Xtr, Ytr = build_dataset(words[:n1])
Xdev, Ydev = build_dataset(words[n1:n2])
Xt, Yt = build_dataset(words[n2:])

torch.Size([182574, 3]) torch.Size([182574])
torch.Size([22816, 3]) torch.Size([22816])
torch.Size([22756, 3]) torch.Size([22756])


fixing the context window at 3 for now and calculating other hyperparams around it. 

In [28]:
# initialize network 

def init_network(g, hidden_neurons:int, embed_size:int):
    C = torch.randn((27,embed_size), generator=g)
    # hidden layer - 100 neurons
    W1 = torch.randn((3*embed_size,hidden_neurons), generator=g)
    b1 = torch.randn((hidden_neurons,), generator=g)
    # Output layer
    W2 = torch.randn((hidden_neurons,27), generator=g )
    b2 = torch.randn((27,), generator=g)

    return (C, W1, b1, W2, b2)

In [44]:
# To the function more precise, can include W,b as arguments as well
def loss_on_set(X, Y, C_emb, W1, b1, W2, b2):
    emb_fullset = C_emb[X] # 228146,3,2
    H = torch.tanh(emb_fullset.view(-1, C_emb.shape[1]*3) @ W1 + b1) # 228146,6 @ 6,100 => 228146, 100
    logits_fullset = H @ W2 + b2
    loss_on_set = F.cross_entropy(logits_fullset, target=Y)
    return loss_on_set

In [30]:
# initialize parameters: 
g = torch.Generator().manual_seed(378987987)

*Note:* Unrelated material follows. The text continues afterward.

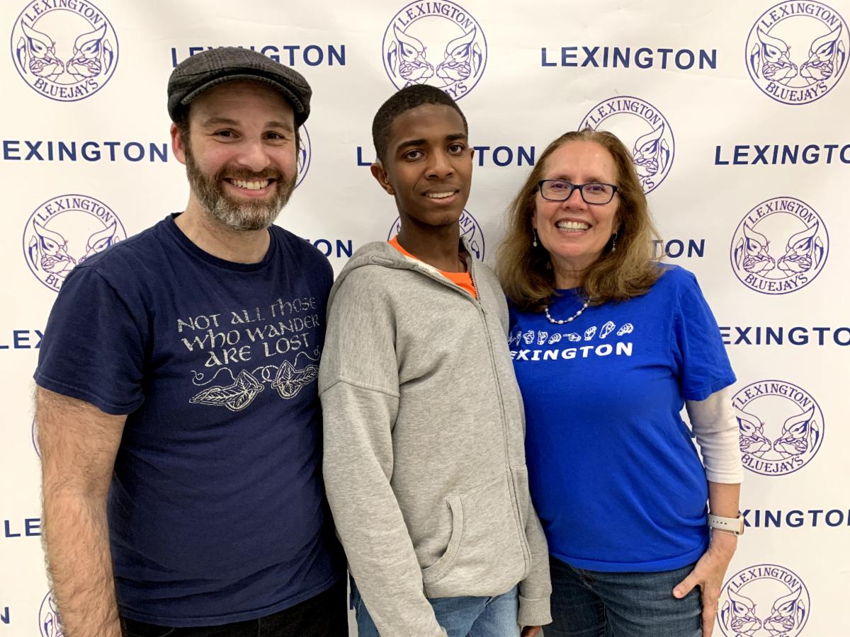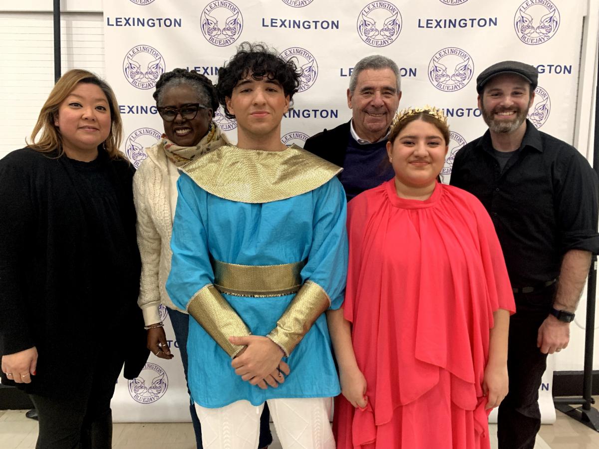 Lexington Board of Trustee member Sara Basson (far right) congratulated artistic director Jared Lopatin and cast member Osaffa Jordan (Benjamin) on an amazing opening night! | |
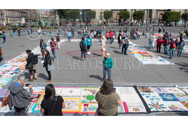 Mujeres instalaron la Manta de la Curación en el Zócalo Capitalino, con el fin de generar conciencia sobre los hechos de violencia en el país

parameters = init_network(g, 200, 5)

for p in parameters:
    p.requires_grad = True

C, W1, b1, W2, b2 = parameters # global variables 

In [31]:
for p in parameters:
    print(p.shape)

torch.Size([27, 5])
torch.Size([15, 200])
torch.Size([200])
torch.Size([200, 27])
torch.Size([27])


In [32]:
lossi = []
step = []

In [36]:
# training process: 
# function - arguments : iters, batch size, learning rate
# returns loss 

def train (iters, batch_size, alpha):
    """"
    arguments : iters, batch size, learning rate
    returns loss

    Call this function everytime you wish to train your neural net!
    """
    for iter in range(iters): 
        # 1000 mini batches of size 32 each 
        ix = torch.randint(0, Xtr.shape[0], (batch_size,)) # assuming each batch has 32 data points 
        # Forward pass: 
        emb = C[Xtr[ix]]
        H = torch.tanh(emb.view(emb.shape[0], -1) @ W1 + b1) # H dimension = (batch_size,neurons)
        logits = H @ W2 + b2
        loss = F.cross_entropy(logits, target=Ytr[ix])
        # Back pass
        for p in parameters:
            p.grad = None
        loss.backward()
        # update
        lr = alpha
        with torch.no_grad():
            for p in parameters:
                p.data -= lr * p.grad 

        # track stats
        step.append(iter)
        lossi.append(loss.item())


In [37]:
train(iters = 10000,batch_size = 64, alpha = 0.1 )

In [None]:
print(lossi[-10:]) # loss on batch logged. 

[2.524190902709961, 2.036754608154297, 2.6068787574768066, 2.5831031799316406, 2.719836950302124, 2.141599178314209, 2.457942485809326, 2.1791064739227295, 2.468146324157715, 2.4783520698547363]


In [45]:
print(loss_on_set(Xtr, Ytr, C, W1, b1, W2, b2))
print(loss_on_set(Xdev, Ydev, C, W1, b1, W2, b2))

tensor(2.4377, grad_fn=<NllLossBackward0>)
tensor(2.4476, grad_fn=<NllLossBackward0>)


OK now the code look much more generalizable and tractable!